Obarzanek’s Crumpled is distinguished by the intervention of its curtain. The red drapes rise and fall independently of the action, which continues regardless. Perhaps you think this is a Brechtian device but it isn’t because there is no particular message to be conveyed. There is a lot of physical interchange, precision, athletic strength and grace but no discernible meaning over and above the movement. Obarzanek describes this piece as “purely structural and formal.” On occasion, individuals escape the curtain’s divide. At one time, two men are in front, perhaps espousing a male gaze. They do a little comedy sketch—suburban boys trying to dance. At one point, fire breaks out. The curtain is an escape, a pathway to safety. The way in which the curtain breaks the viewer’s access is a bit like TV ad breaks; a slash right across the middle of the action.

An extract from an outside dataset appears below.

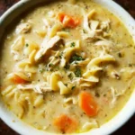 Homemade chicken noodle soup is a comforting and nourishing dish. It brings warmth and delight with every spoonful. This easy recipe uses pre-cooked rotisserie chicken, saving you time while still delivering rich flavors. This soup is perfect for chilly days, when you’re feeling under the weather, or when you just want a taste of home-cooked goodness.

The last piece in Combination #3 was Itoh’s Butterfly and Me. I found it difficult to view this justly after the first two works. Its style of movement was quite different, beginning with many rolls on the floor. There was also a section where people spoke, travelling pathways etched in light. One part had Luke George address the audience, incorporating elements of the here and now in his text. Although Obarzanek wrote in the program notes of an “imaginary world” shared by all three choreographers, I had a feeling that Itoh’s world was quite different—both from the other two and from mine. I think I would need to see more of that world in order to enter fully into it.

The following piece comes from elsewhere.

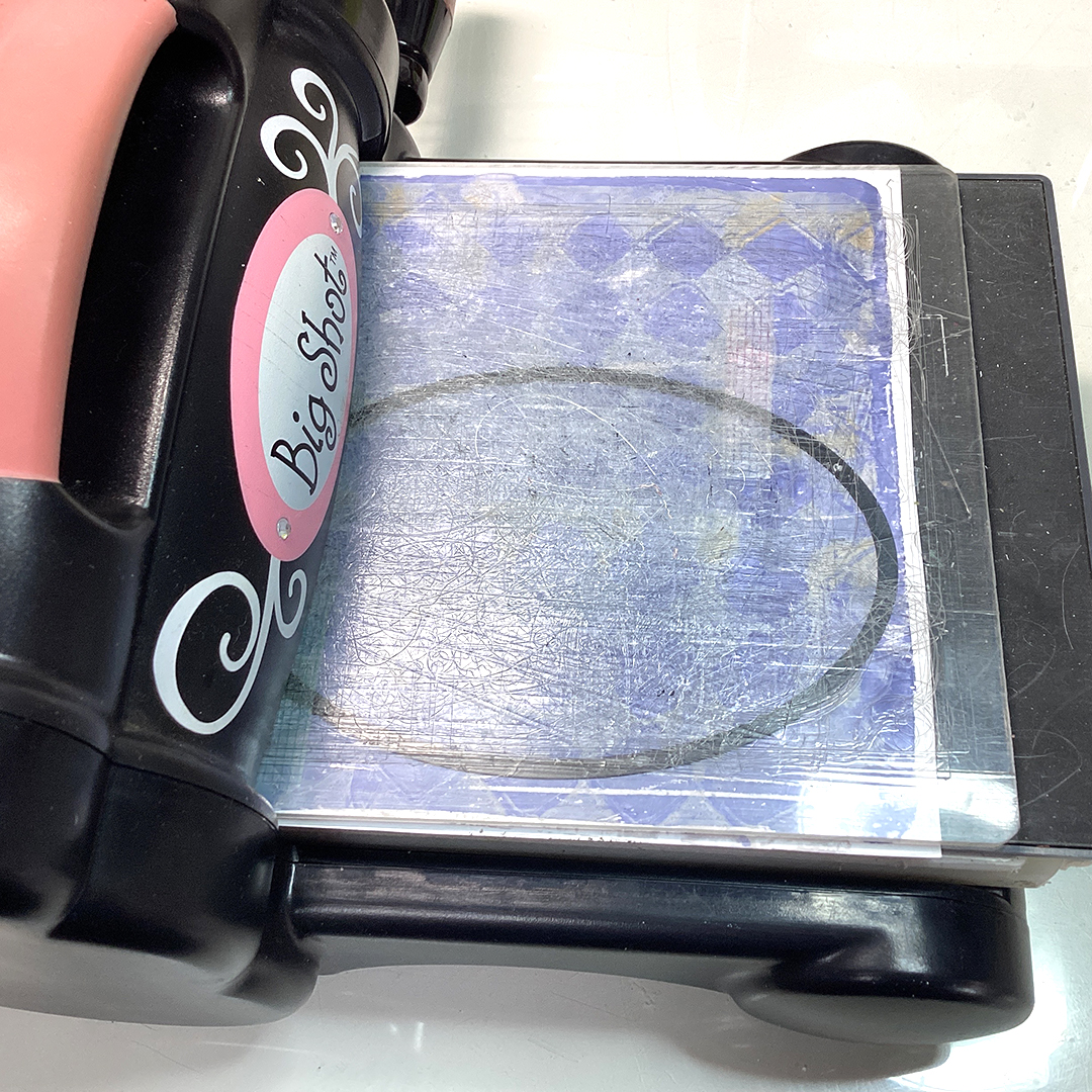 First Purple Rain and Caramel were spread on my gel plate then PaperArtsy Stencil by Sara Naumann (PS092) was applied with Snowflake to the reverse-stenciling technique Sara introduced and I lifted a print it on a A4 paper.

The Ends of Things (for Jad McAdam), Lucy Guerin Company, choreographer Lucy Guerin, sound (original concept) Jad McAdam, composition Franc Tetaz, design Dorotka Sapinska. Combination #3, Chunky Move, Ei Fallen, choreographer Phillip Adams, set and lighting design Gideon Obarzanek, costume and set design Dorotka Sapinska; Crumpled, choreographer Gideon Obarzanek, composer Hugh Covill, costume David Anderson; Butterfly and Me, choreographer Kim Itoh, costume David Anderson, lighting Margie Medlin; National Theatre, Melbourne International Festival of Arts, Melbourne, October 19-28.